TorchProcessGroup#

class nvmath.distributed.TorchProcessGroup(
*,
device_id: int | Literal['cpu'],
torch_process_group=None,
logger=None,
)[source]#

ProcessGroup implemented on torch.distributed.

Parameters:
  • device_id – Device used by the torch.distributed process group backend.

  • torch_process_grouptorch.distributed process group handle (e.g. returned by torch.distributed.new_group()), or None to use the default torch process group.

Attributes

MIN_ALL_REDUCE_OBJ_BUFFER_SIZE = 128#
allreduce_obj_buffer_size#

Current buffer size for allreduce_object() (in bytes)

device_id#

Device used by the communication backend of this torch process group.

nranks#
rank#

Methods

allreduce_buffer(
array: ndarray,
*,
op: ReductionOp,
) None[source]#

Allreduce an array.

Parameters:
  • array – Input and output of the collective. The function operates in-place.

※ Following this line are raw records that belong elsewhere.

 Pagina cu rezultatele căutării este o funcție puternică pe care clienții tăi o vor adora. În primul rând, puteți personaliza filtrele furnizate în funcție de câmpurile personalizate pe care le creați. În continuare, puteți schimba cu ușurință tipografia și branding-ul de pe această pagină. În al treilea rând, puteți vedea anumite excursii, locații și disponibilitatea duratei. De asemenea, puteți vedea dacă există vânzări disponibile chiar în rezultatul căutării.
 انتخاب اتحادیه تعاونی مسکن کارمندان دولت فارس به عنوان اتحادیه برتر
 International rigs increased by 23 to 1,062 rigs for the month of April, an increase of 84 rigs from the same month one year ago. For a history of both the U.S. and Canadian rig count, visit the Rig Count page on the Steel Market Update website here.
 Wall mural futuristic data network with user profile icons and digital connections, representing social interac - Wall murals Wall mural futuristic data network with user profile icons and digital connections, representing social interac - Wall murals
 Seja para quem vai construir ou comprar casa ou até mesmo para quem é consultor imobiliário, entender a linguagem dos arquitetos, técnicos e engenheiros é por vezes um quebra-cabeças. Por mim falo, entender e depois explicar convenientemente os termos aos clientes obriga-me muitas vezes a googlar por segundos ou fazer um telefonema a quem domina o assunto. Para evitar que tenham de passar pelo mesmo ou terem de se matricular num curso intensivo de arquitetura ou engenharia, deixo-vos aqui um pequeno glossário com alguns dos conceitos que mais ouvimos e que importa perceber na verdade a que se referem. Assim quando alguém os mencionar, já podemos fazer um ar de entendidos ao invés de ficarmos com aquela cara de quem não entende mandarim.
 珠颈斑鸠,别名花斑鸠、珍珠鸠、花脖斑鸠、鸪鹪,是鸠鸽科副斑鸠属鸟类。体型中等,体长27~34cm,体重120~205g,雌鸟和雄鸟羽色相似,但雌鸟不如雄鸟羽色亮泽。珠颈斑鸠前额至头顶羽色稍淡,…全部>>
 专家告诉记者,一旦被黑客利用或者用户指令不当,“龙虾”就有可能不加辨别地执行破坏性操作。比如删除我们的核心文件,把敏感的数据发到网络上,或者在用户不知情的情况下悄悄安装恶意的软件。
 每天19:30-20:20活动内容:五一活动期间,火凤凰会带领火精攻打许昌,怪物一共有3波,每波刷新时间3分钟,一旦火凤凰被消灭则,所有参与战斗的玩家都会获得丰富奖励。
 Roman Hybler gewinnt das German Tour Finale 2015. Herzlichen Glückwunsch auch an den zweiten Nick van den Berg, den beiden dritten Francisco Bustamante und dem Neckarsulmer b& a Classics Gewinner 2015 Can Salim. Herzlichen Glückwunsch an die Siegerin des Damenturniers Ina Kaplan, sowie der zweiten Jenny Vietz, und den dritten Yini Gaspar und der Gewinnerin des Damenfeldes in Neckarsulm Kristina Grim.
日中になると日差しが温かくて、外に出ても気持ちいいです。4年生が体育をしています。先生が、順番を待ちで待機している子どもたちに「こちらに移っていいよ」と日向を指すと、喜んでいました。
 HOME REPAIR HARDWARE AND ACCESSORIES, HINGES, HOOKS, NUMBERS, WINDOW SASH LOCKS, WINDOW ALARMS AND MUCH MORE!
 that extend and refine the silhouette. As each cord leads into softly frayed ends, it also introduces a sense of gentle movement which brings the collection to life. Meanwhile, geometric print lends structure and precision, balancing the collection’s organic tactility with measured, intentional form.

  • op – One of the values from ReduceOp enum. Specifies an operation for element-wise reductions.

allreduce_object(
obj: T,
*,
op: Callable[[T, T], T],
) T[source]#

Reduces all Python objects contributed by members of the group. The result is a single reduced object which is returned on every process.

Parameters:
  • obj – object contributed by this process.

  • op – A Python function that takes two objects and returns a single (reduced) object.

broadcast_buffer(
array: ndarray,
*,
root: int = 0,
) None[source]#

Broadcast an array from one process to every process.

Parameters:
  • array – input (on root) and output of the collective.

  • root – rank of sending process.